Host Institution: Politecnico di Milano (Italy)
Department of Chemistry, Materials, and Chemical Engineering, Politecnico di Milano
Phone: +39 02 2399 3205
warumporn.pejpichestakul@polimi.it
Research interests
My main research is focused on combustion of natural gas, in particular the formation of pollutant species such as NOx, polycyclic aromatic hydrocarbons (PAH) and carbonaceous particles (soot) in laminar flames. Particular attention is being given to study the main chemical and physical pathways of pollutant species from the combustion of natural gas, in order to be used for improving the design of equipment for combustion of natural gas, characterized by low emissions of pollutants.
Education
Selected publications
Project title: Chemical and physical pathways of pollutant formation in laminar flames burning natural gas
Objectives. The understanding of combustion in practical combustors is essential to the goals of reducing pollution and increasing energy efficiency. However, three-dimensional models of these systems with detailed chemistry and complex transport phenomena are beyond our current computational capabilities. Instead, one can study flames with complex chemistry in simpler laminar configurations to provide insight into the chemical and physical processes occurring in many engineered systems.
Laminar flames (both premixed and diffusive) are commonly used to investigate chemical kinetic processes which are important in combustion because they can be described through relatively simple mathematical models.

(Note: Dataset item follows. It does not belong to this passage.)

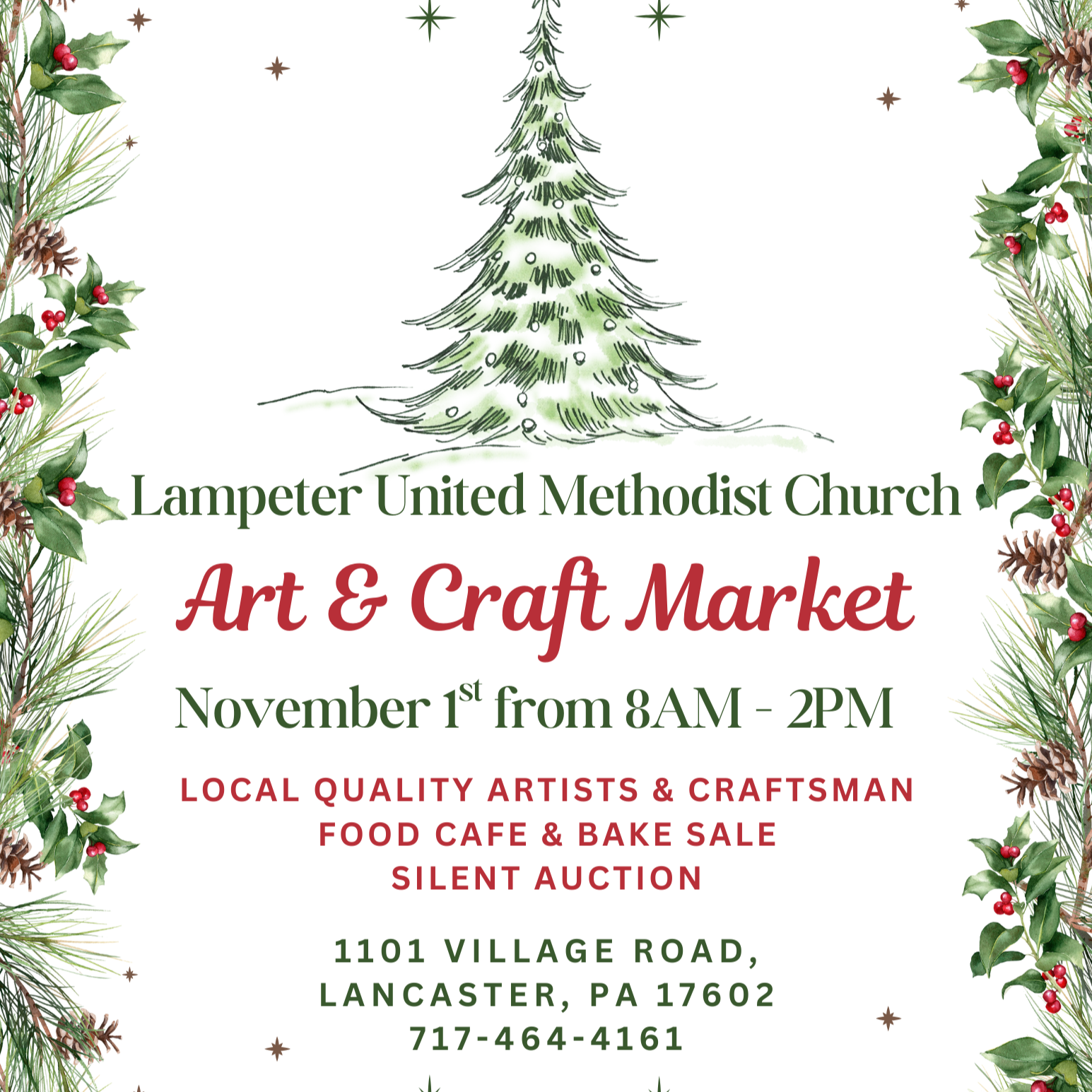 With 30 quality vendors onsite, visitors will find handcrafted jewelry, rustic birdhouses, paper crafts, essential oils, seasonal wreaths, beeswax creations, original artwork, fall and Christmas décor, and laser-cut wood designs and more. The Food Café and Bake Sale will be offering homemade treats and warm meals. A Silent Auction will feature items such as tickets to the Fulton Theatre, Dutch Apple Dinner Theatre, Magic & Wonder Dinner Theatre, Sight & Sound Theatres, an autographed Pittsburgh Steelers photo and more. Proceeds benefit the church’s Children’s and Missions Ministries, supporting programs that serve the congregation and wider community. 8 a.m.-2 p.m. 101 Village Road, Lancaster. Information: LampeterUMC.com
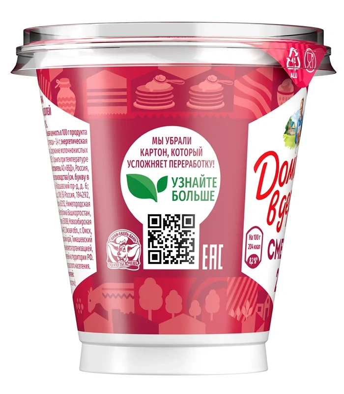 Сметана ДОМИК В ДЕРЕВНЕ 20%, 330г изготовлена из свежих сливок, имеет натуральный приятный вкус и может быть использована для приготовления большого количества блюд русской национальной кухни. Продукт обладает густой консистенцией и приятным внешним видом. Товар долго сохраняет свежесть и не имеет кислого привкуса. Удобная упаковка позволяет легко хранить сметану даже после вскрытия стакана - плотная крышка надежно закрывается и не пропускает посторонних запахов. Продукт может использоваться в выпечке, супах, соусах или других кулинарных изысках. Производитель: ОАО «ВБД», Россия. Жирность: 20%. Вес: 300г. Состав: сливки нормализованные, закваска. Пищевая ценность в 100 г продукта: жиры - 20,0г, белки - 2,5г, углеводы - 3,4г. Энергетическая ценность: 204 ккал/840кДж. Содержание молочнокислых микроорганизмов в продукте не менее 1*10 7 КОЕ/г. Хранить при температуре от +2°C до +6°С, до и после вскрытия упаковки. Срок годности: 25 суток. ГОСТ Р 52092-2003.

When analyzed in close conjunction with experimental data, these models can provide detailed information on flame structure and elementary reaction paths.
Thus, the objective of this work is to study the physical and kinetic mechanisms leading to the formation of pollutant species such as NOx, polycyclic aromatic hydrocarbons (PAH) and carbonaceous particles (soot) in laminar flames fed with natural gas in operating conditions close to those of interest. This knowledge can then be used for improving the design of equipment for combustion of natural gas, characterized by low emissions of pollutants. The study will be focused on simplified geometries, like counter flow flames, premixed flat flames, and axisymmetric coflow flames.
Expected results. Deeper understanding of the main chemical and physical pathways explaining the formation of pollutant species from the combustion of natural gas.
Planned secondment. BE-ULB (8-10 months): Chemical kinetic mechanism uncertainty quantification in combustion problems, including reactors and laminar flames. The primary objectives is to determine which reactions contribute most to the uncertainty in the predictions and whose rates may require further refinement.